Zugleich freilich sind sich (hoffentlich) alle bewusst, dass die konsequente Verfolgung einstiger Abschreib-Schwindeleien zumindest für die Zukunft positive Folgen hat. Dass also Studenten künftig viel sorgfältiger und vorsichtiger werden (wobei es ja eigentlich für halbwegs intelligente Möchtegern-Doktoren nicht allzu schwer sein müsste, etwas anderswo Gefundenes mit eigenen und nicht mit den vorgefundenen fremden Worten zu paraphrasieren, sodass keine Plagiatsjäger-Software die Quelle finden kann …).

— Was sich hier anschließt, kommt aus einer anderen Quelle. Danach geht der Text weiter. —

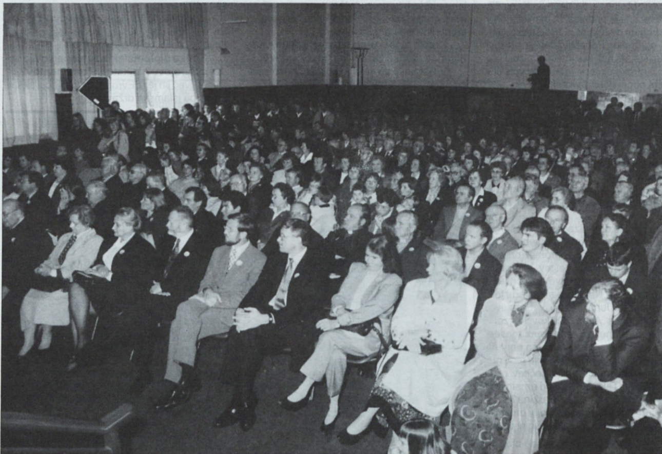
Program 41. Slovenskega dne v nedeljo 15. septembra v Slomškovem domu se je morali zaradi neurja izvajati v dvorani

Slovenski narod brez krščanstva sploh ne bi mogel obstati, brez krščanske civilizacije bi ga ne bilo. Če si iz slovenskega življenja danes odmisle vse, kar je krščanskega: Slovenija brez cerkva, brez Brižinskih spomenikov, brez

Ein weiterer auffallender Aspekt ist an dieser Stelle schon einmal aufgezeigt worden: Als sich die Welle der Plagiatsjägerei anfangs ausschließlich gegen konservative Politiker in Österreich oder Deutschland gerichtet hat, waren die Jäger im Mainstream totale Helden, und die Abschreiber wurden fast wie Mörder verachtet. Seit jetzt jedoch vor allem Angehörige der linken Szene im Visier stehen, hat sich die Reaktion der veröffentlichten Meinung fast total umgekehrt. Seither ist plötzlich nicht mehr das Plagiat oder der dafür Verantwortliche der Böse, sondern der Zorn gilt plötzlich jenen, welche die Plagiatsuntersuchung beauftragt haben.
Eine ordentliche Rechtsordnung sollte sich aber ganz unabhängig davon, ob ein Rechter oder ein Linker der Täter ist, bemühen, auf Delikte unterschiedlicher Art gleich – und nur je nach ihrer Schwere differenziert – zu reagieren.
Und da weist nun der renommierte Medien- und Arbeitsrechtsprofessor Gottfried Korn auf einen weiteren, bisher öffentlich nicht beachteten gravierenden Unterschied zwischen den strafrechtlichen Folgen etwa eines Betrugs und den akademischen Folgen eines Plagiats hin: Das ist die Verjährung. Die gibt es nämlich nicht bei Morden, Verbrechen gegen die Menschlichkeit – und Plagiaten. Sonst überall.
Korn schlägt daher in einer Stellungnahme zur geplanten Novellierung diverser Hochschulgesetze ausdrücklich vor, eine gesetzliche Regelung über die Verjährung von Plagiaten nach fünf Jahren einzuführen. Das entspricht der Verjährung des schweren Betrugs, also etwa der Verwendung von falschen oder verfälschten Urkunden (etwa von Pässen!), der Verwendung ausgespähter Codes einer Bankomat-Karte oder von unrichtigen Messgeräten (etwa eine Waage beim Fleischhauer). Bei einem einfachen Betrug würde die Verjährungsfrist überhaupt nur ein Jahr betragen.
Bei Diplomarbeiten oder Ähnlichem kann es hingegen derzeit unbegrenzt zu einer Aberkennung der Arbeit und des akademischen Titels mit all ihren existentiellen Folgen kommen. Theoretisch könnte es sogar dazu kommen, dass auf Grabsteinen noch ein "Dr." weggefräst werden muss.
Ob es zu einer Umsetzung des Korn-Vorschlages kommen wird, ist freilich unklar. Leben wir doch in einer Zeit, wo viele Boulevardmedien teuflische Lust daran haben, ständig irgendjemanden als abgrundtief böse anzuprangern und durchs öffentliche Dorf zu jagen. Daher dürfte die Politik kaum den Mut dazu haben, diese Ungerechtigkeit zu beenden. Auch wenn Korn auf eine eindeutige und absurde Gesetzeslücke aufmerksam gemacht hat.